Londra’dan ülkemiz nasıl görünüyor?

Ülkemiz bir cennet aslında. Benim eşim İngiliz ve hayali emekli olunca Türkiye’de yaşamak. 

Orada ne gibi çalışmalar yapıyorsunuz? 

Prodüksiyon şirketim var. Geçen yıl Türkiye’deki birçok sanatçıyla Londra’da sohbet etkinlikleri yaptım. Bu halkın onları daha iyi tanıması için atılmış bir adımdı. Ayrıca reklam seslendirmelerime devam ediyorum. Haber gazetesinde İngiltere’de yaşayan işadamları, yönetmenler ve sanatçılarla röportaj yapıyorum. Bir de İngiltere’ de göçmenlik hizmetleri almak için deneyimli avukatlarla oluşturduğum bir şirketim var.

İki kardeşi evlat edindiniz. Bu süreçten biraz bahseder misiniz?

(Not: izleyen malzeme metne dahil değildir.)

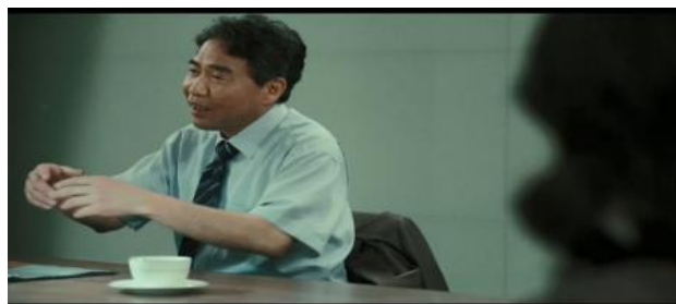
gambar 6. jabatan tertinggi selalu dipegang oleh laki-laki

Pada teks tersebut, dimana Hye Soo mengatakan “ Kau harus berterima kasih, karena kepala Kim memilihmu. Dia hanya memilih lelaki. ” Menunjukkan bahwa penilaian mengenai wanita dianggap lebih rendah daripada laki-laki. Sehingga wanita tidak dapat ditempatkan pada posisi yang sama dengan laki-laki, serta wanita masih kurang diapresiasi dalam pekerjaannya. Meskipun kinerja yang dimiliki oleh wanita bagus, namun akan tetap dianggap lebih rendah daripada laki-laki. Oleh sebab itu, dalam adegan tersebut, dipertontonkan betapa timpangnya posisi yang diperoleh oleh wanita dalam sektor publik. Selain itu, pemilik keputusan dalam perusahaan juga laki-laki.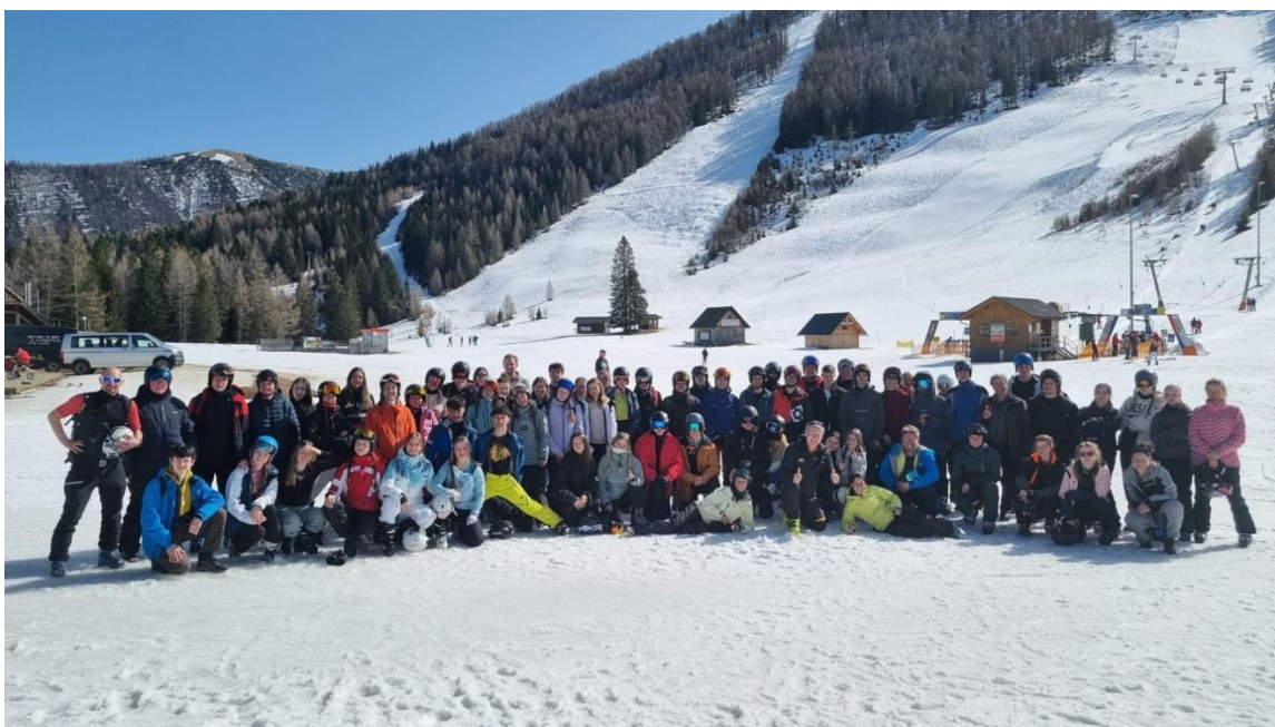
Lyžařský kurz - Hinterstoder, březen 2025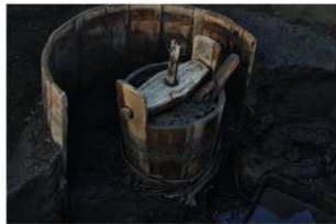
7 第3号井戸跡の瓶出土状況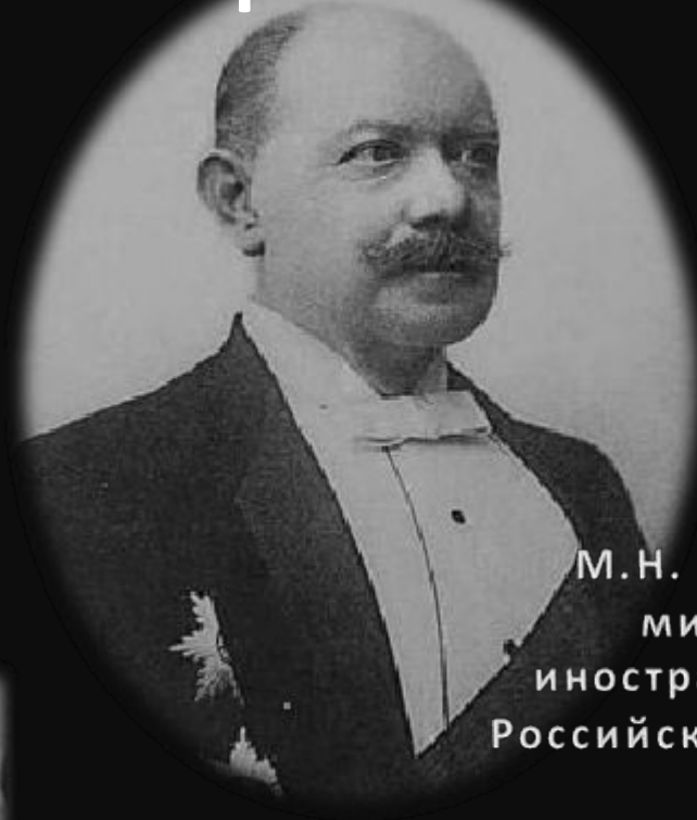
М.Н. Муравев министр иностраннх дел Российской империи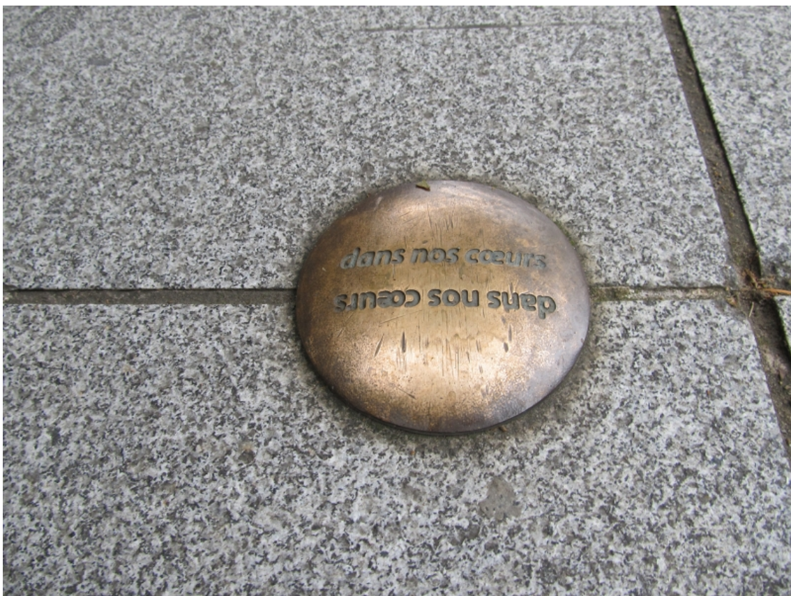
Figure 4 : Groupe de l'Oulipo, clou gravé pour « Les Clous de l'Esplanade », poème installé en 2010 sur l'esplanade Charles-de-Gaulle, Rennes.

Cliché : Claire Gheerardyn, décembre 2025.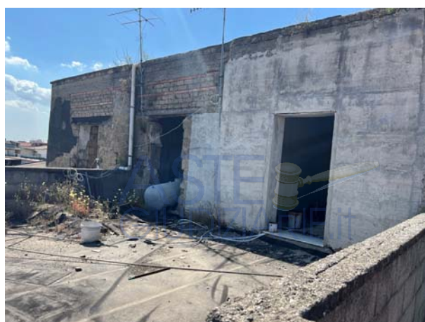
Vista del torrino di smonto della scala e del lastrico che offre accesso all'unità staggita

Il fabbricato di afferenza, come anticipato, è di vetusto impianto originario e, pertanto, risulta caratterizzato da tipiche modalità morfologiche e tecnologiche dei tempi (struttura portante in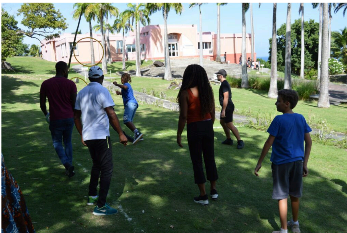
Les élèves de l'école Graines de génie de Petit-Bourg en visite au Musée Edgar Clerc au Moule se sont initiés au jeu du batey ce 22 novembre.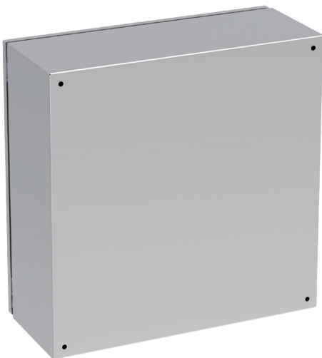
Widok z tyłu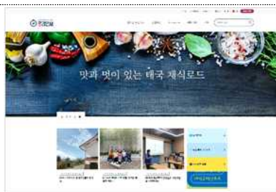
여행예약 시스템 공감만세 www.fairtravelkorea.com

2 defa bebek kaybettim. Ağır depresyon geçirdim ve birkaç ay zorlukla yürüdüm. Nefes problemi yaşadım, diyabetin sınırına girdim. Eşim “Bebek meselesi burada bitmiştir, ben seni kaybetmek istemiyorum” dedi. Tam bu sırada televizyonda evlat edinme üzerine bir filme denk geldim. Daha sonra biz niye yapmıyoruz dedik ve süreç başladı. Çok zorlu denemelerden geçtik. Derken bir gün iki kardeş var, düşünür müsünüz diye. O gece öylece kaldık, bir beklerken iki melek olacaktı hayatımızda. Ve üstelik biri bebekti. Sabah uyandığımda cevabım evetti. 

KIZIM TÜRKÇE KONUŞUYOR

Kardeşleri Türk gelenek ve göreneklere göre mi yetiştirecek siniz? 

Her iki kültürün içinde büyüyorlar. Ama kocam belki de benden daha fazla geleneklere bağlı ve bizim kültürümüzü, insanımızı çok seviyor. Kızım 5,5 yasında ve Türkçe öğrendi bile. Oğlum çok bebek ama bana anne, babasına dady diyor. 

Evde hep beraberken neler yapmaktan keyif alıyorsunuz?

Bizde aile zamanları çok önemli. Cumartesi sabahları Türk kahvaltısı yapılır, sonra  parklara gideriz, yürüyüş yaparız. Çocukların sevdiği etkinliklerdeyiz. Dadıya, bakıcıya karşıyız. 

"Eşim İngiliz ve hayali emekli olunca Türkiye’de yaşamak."

ÇOCUKLARIMIN İKİ SOYADI VAR

Eşim mükemmel bir baba. Geçen yıl çok zor bir dönemden geçtik. Çocuklarımız ve babam, İngiltere ve Türkiye arasında gidip geldim. Benim olmadığım hiçbir an çocuklar ağlamadı. Eşim tek başına ikisine de baktı. Bu arada eşim babamı o kadar çok seviyordu ki, çocuklarımızın iki soyadını taşıması için benimkini de kendine ekledi.

LONDRA’DA YENİ OYUN

Tiyatro üzerine projeleriniz oluyor mu?

Evet birkaç ay önce bir İngiliz tiyatro grubuyla çalıştım. Onlara ‘Goodbye Charles’ adlı bir oyun sahneye koydum. Önümüzdeki sezonda ben tek kişilik bir oyun sahneleyeceğim.

BİR AŞK HİKAYESİ

Bu arada yeni bir kitap çıkardınız. Siz bu kitabı bize neyi göstermek için yazdınız?

Biz evlat edinme kararı verdiğimiz gün babam yoğun bakıma alındı, çocuklarımın resmi kararı çıktığında babamı kaybettim. Kitabım bir aşk hikâyesini, bir kavuşmayı ve bir vedayı anlatıyor.